The records below must be written out exactly, with every picture left behind.

Source records:

>>

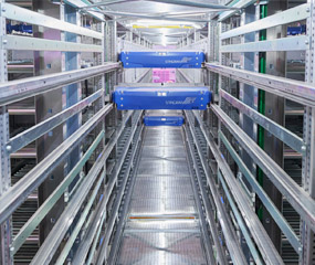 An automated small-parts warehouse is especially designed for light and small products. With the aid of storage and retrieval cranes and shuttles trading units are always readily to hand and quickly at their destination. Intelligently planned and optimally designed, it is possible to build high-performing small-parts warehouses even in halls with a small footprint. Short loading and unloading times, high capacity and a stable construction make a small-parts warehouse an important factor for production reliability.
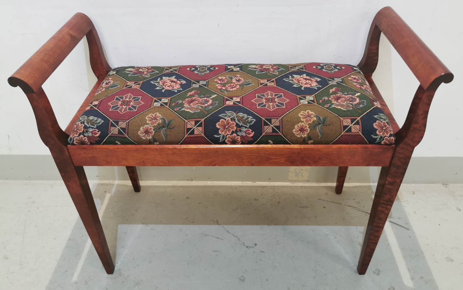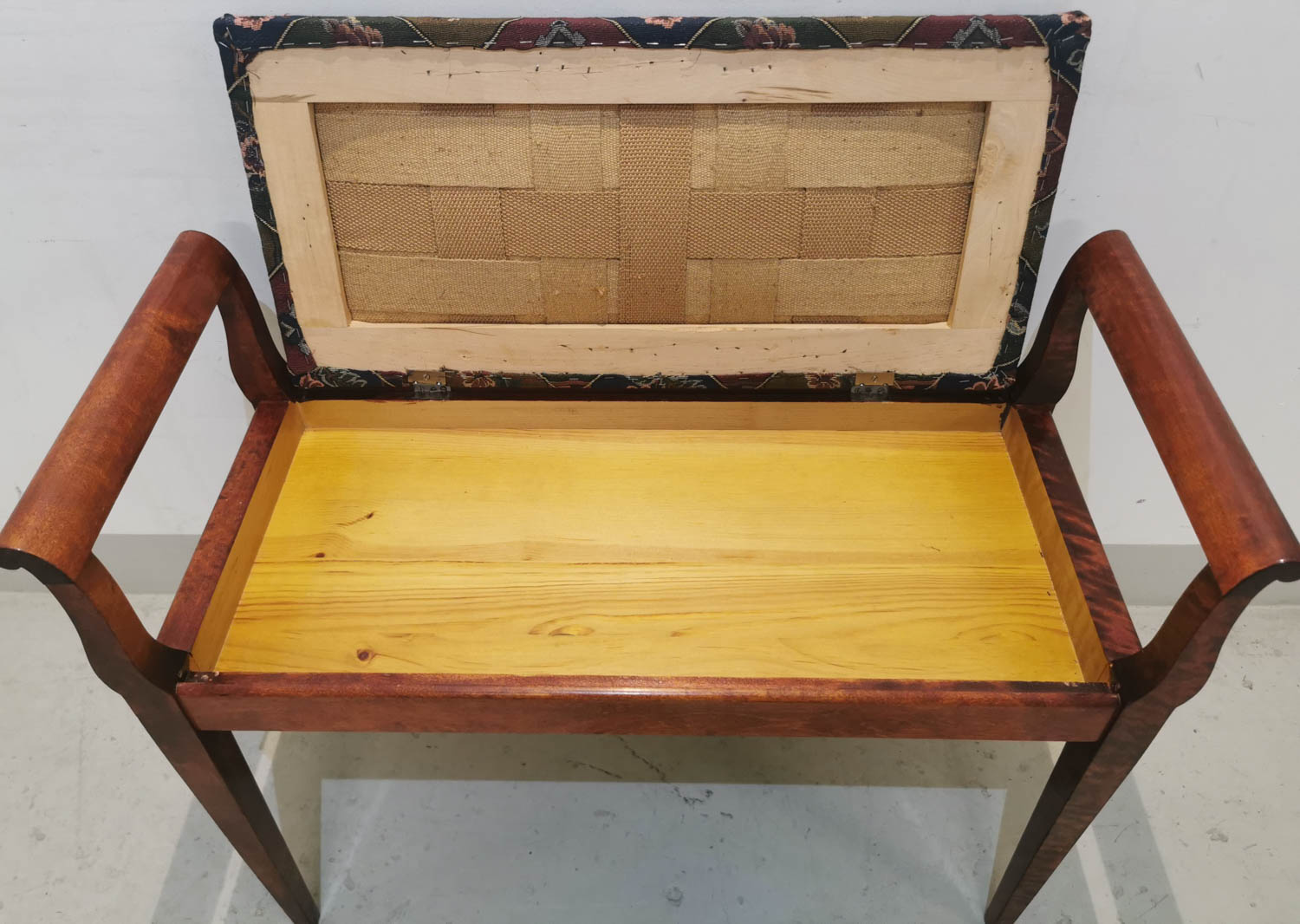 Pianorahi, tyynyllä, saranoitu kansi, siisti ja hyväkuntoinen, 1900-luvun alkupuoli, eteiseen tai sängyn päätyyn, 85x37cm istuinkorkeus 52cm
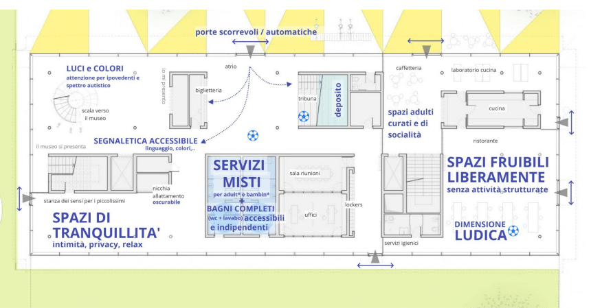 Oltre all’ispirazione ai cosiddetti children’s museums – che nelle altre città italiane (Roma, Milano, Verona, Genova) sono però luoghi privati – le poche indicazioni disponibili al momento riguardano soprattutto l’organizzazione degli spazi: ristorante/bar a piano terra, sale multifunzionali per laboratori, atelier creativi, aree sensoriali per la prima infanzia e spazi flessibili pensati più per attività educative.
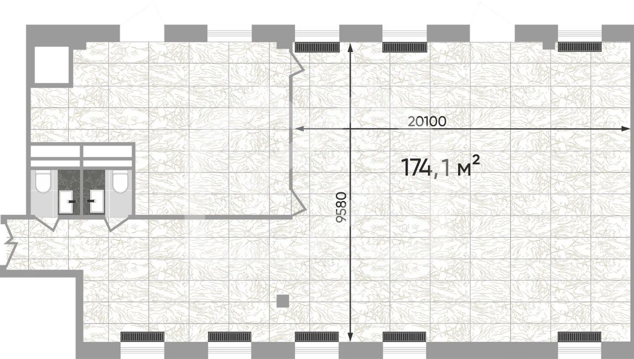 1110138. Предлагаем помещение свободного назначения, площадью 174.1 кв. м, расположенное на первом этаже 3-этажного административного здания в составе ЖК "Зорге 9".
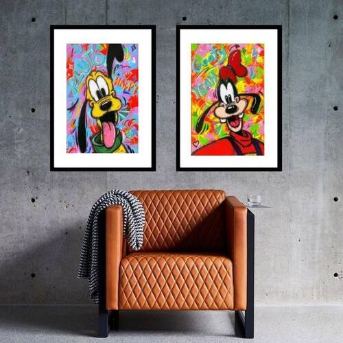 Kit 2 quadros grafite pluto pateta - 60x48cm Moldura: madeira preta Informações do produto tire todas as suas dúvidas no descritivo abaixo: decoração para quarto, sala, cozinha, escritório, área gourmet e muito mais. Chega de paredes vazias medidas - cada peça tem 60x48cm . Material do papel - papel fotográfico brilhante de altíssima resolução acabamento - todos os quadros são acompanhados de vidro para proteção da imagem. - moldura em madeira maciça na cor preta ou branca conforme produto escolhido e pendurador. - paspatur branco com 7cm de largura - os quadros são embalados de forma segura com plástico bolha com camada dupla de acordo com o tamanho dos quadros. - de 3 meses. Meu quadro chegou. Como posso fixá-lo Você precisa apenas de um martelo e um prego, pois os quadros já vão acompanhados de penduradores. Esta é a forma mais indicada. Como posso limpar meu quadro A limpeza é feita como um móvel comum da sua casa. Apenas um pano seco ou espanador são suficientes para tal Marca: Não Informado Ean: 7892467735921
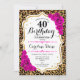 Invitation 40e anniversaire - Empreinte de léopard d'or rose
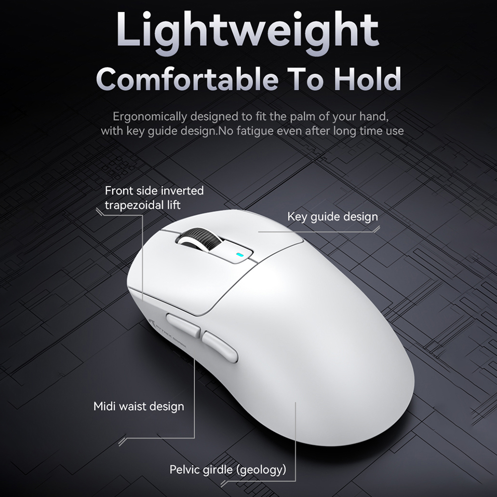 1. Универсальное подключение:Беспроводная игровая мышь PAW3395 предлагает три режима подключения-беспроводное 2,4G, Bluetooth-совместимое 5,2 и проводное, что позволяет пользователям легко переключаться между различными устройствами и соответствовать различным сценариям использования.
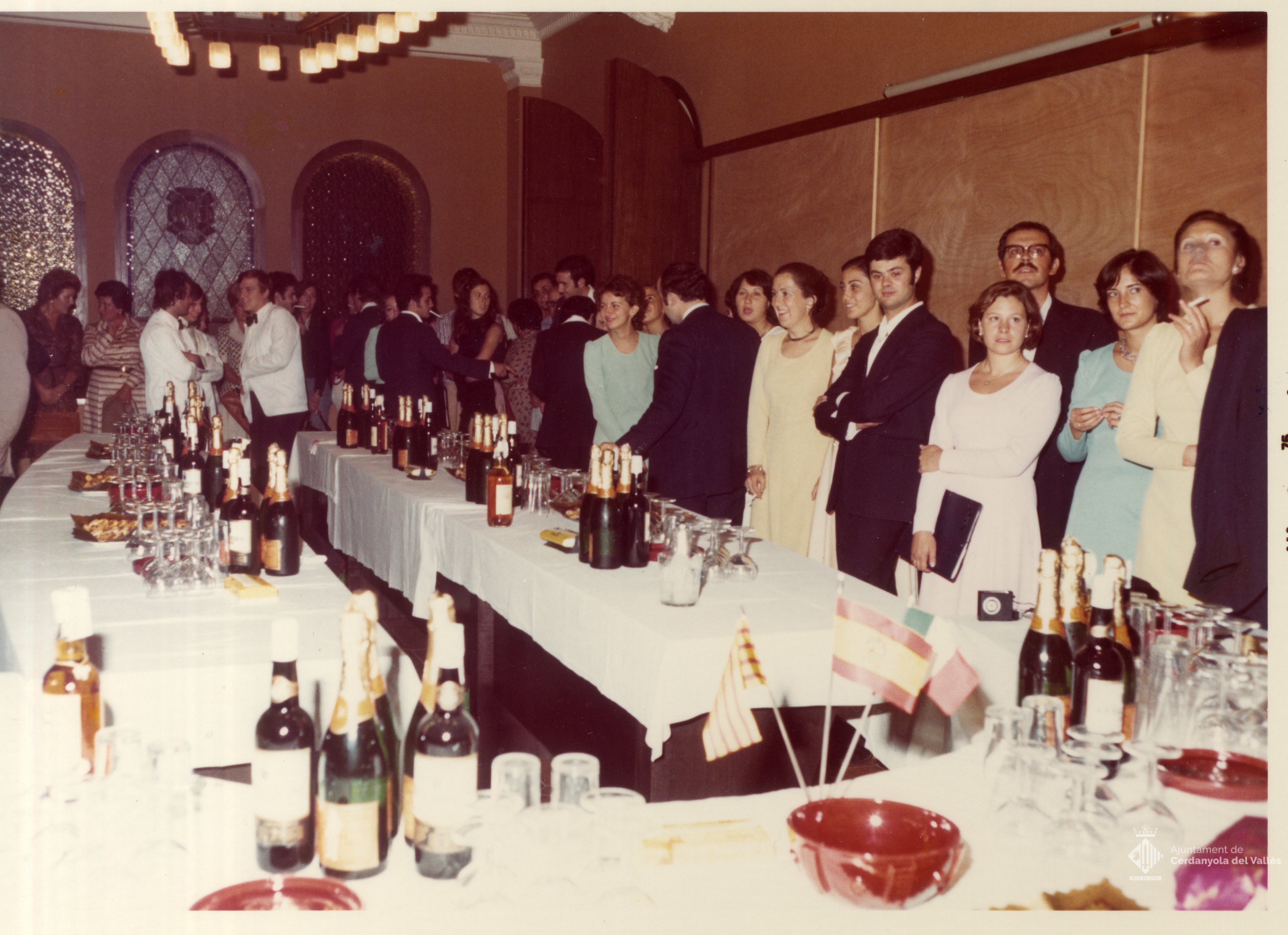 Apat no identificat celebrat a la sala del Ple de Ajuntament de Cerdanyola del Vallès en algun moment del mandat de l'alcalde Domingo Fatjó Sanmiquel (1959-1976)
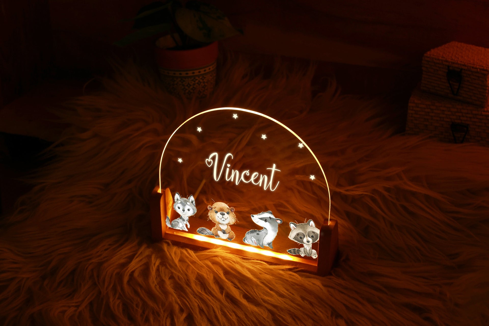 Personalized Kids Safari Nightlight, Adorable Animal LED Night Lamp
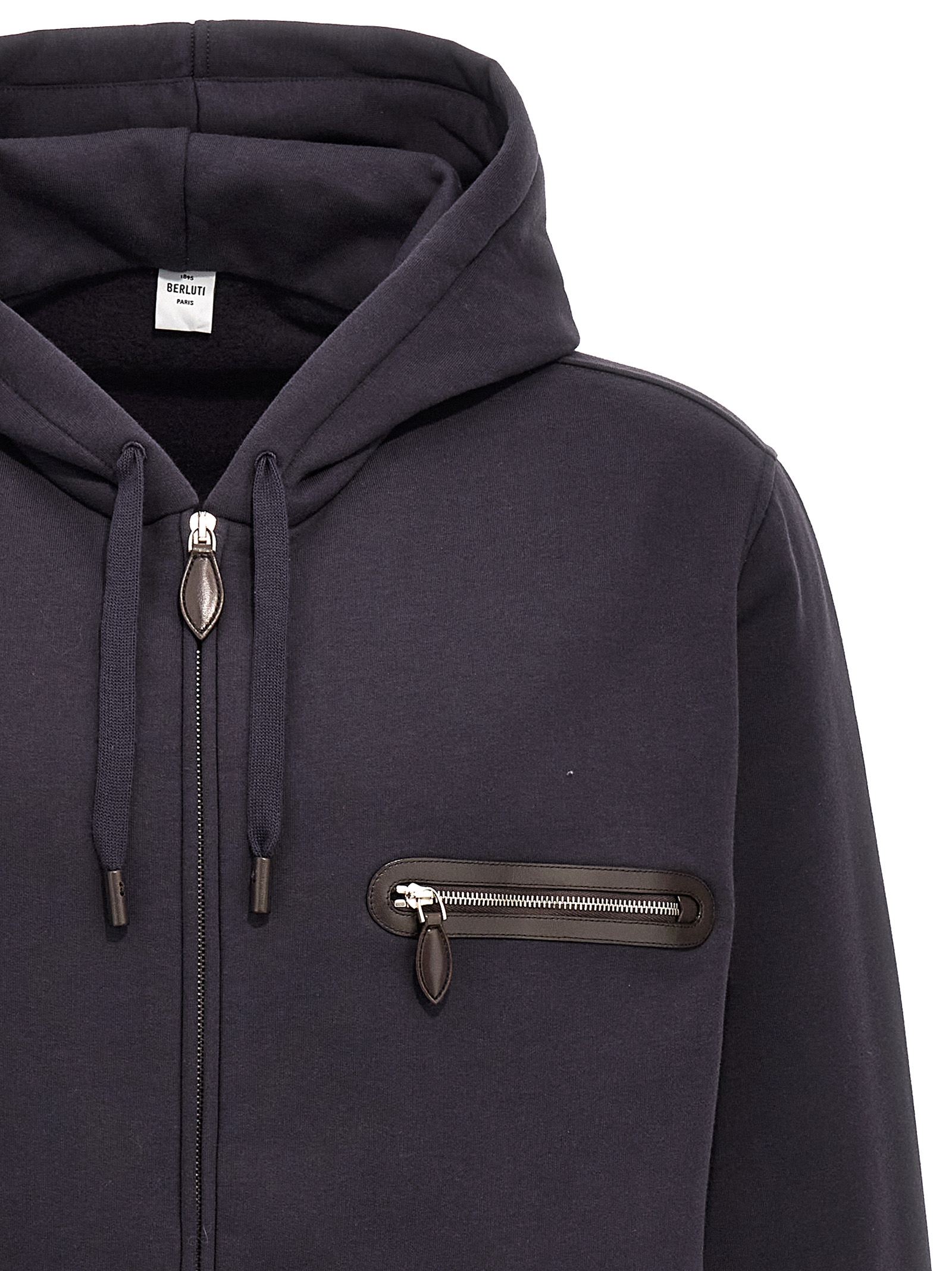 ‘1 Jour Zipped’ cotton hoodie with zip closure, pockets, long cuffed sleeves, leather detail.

<<

OUTPUT BELOW |
 An automated small-parts warehouse is especially designed for light and small products. With the aid of storage and retrieval cranes and shuttles trading units are always readily to hand and quickly at their destination. Intelligently planned and optimally designed, it is possible to build high-performing small-parts warehouses even in halls with a small footprint. Short loading and unloading times, high capacity and a stable construction make a small-parts warehouse an important factor for production reliability.
 Pianorahi, tyynyllä, saranoitu kansi, siisti ja hyväkuntoinen, 1900-luvun alkupuoli, eteiseen tai sängyn päätyyn, 85x37cm istuinkorkeus 52cm
 Oltre all’ispirazione ai cosiddetti children’s museums – che nelle altre città italiane (Roma, Milano, Verona, Genova) sono però luoghi privati – le poche indicazioni disponibili al momento riguardano soprattutto l’organizzazione degli spazi: ristorante/bar a piano terra, sale multifunzionali per laboratori, atelier creativi, aree sensoriali per la prima infanzia e spazi flessibili pensati più per attività educative.
 1110138. Предлагаем помещение свободного назначения, площадью 174.1 кв. м, расположенное на первом этаже 3-этажного административного здания в составе ЖК "Зорге 9".
 Kit 2 quadros grafite pluto pateta - 60x48cm Moldura: madeira preta Informações do produto tire todas as suas dúvidas no descritivo abaixo: decoração para quarto, sala, cozinha, escritório, área gourmet e muito mais. Chega de paredes vazias medidas - cada peça tem 60x48cm . Material do papel - papel fotográfico brilhante de altíssima resolução acabamento - todos os quadros são acompanhados de vidro para proteção da imagem. - moldura em madeira maciça na cor preta ou branca conforme produto escolhido e pendurador. - paspatur branco com 7cm de largura - os quadros são embalados de forma segura com plástico bolha com camada dupla de acordo com o tamanho dos quadros. - de 3 meses. Meu quadro chegou. Como posso fixá-lo Você precisa apenas de um martelo e um prego, pois os quadros já vão acompanhados de penduradores. Esta é a forma mais indicada. Como posso limpar meu quadro A limpeza é feita como um móvel comum da sua casa. Apenas um pano seco ou espanador são suficientes para tal Marca: Não Informado Ean: 7892467735921
 Invitation 40e anniversaire - Empreinte de léopard d'or rose
 1. Универсальное подключение:Беспроводная игровая мышь PAW3395 предлагает три режима подключения-беспроводное 2,4G, Bluetooth-совместимое 5,2 и проводное, что позволяет пользователям легко переключаться между различными устройствами и соответствовать различным сценариям использования.
 Apat no identificat celebrat a la sala del Ple de Ajuntament de Cerdanyola del Vallès en algun moment del mandat de l'alcalde Domingo Fatjó Sanmiquel (1959-1976)
 Personalized Kids Safari Nightlight, Adorable Animal LED Night Lamp
 ‘1 Jour Zipped’ cotton hoodie with zip closure, pockets, long cuffed sleeves, leather detail.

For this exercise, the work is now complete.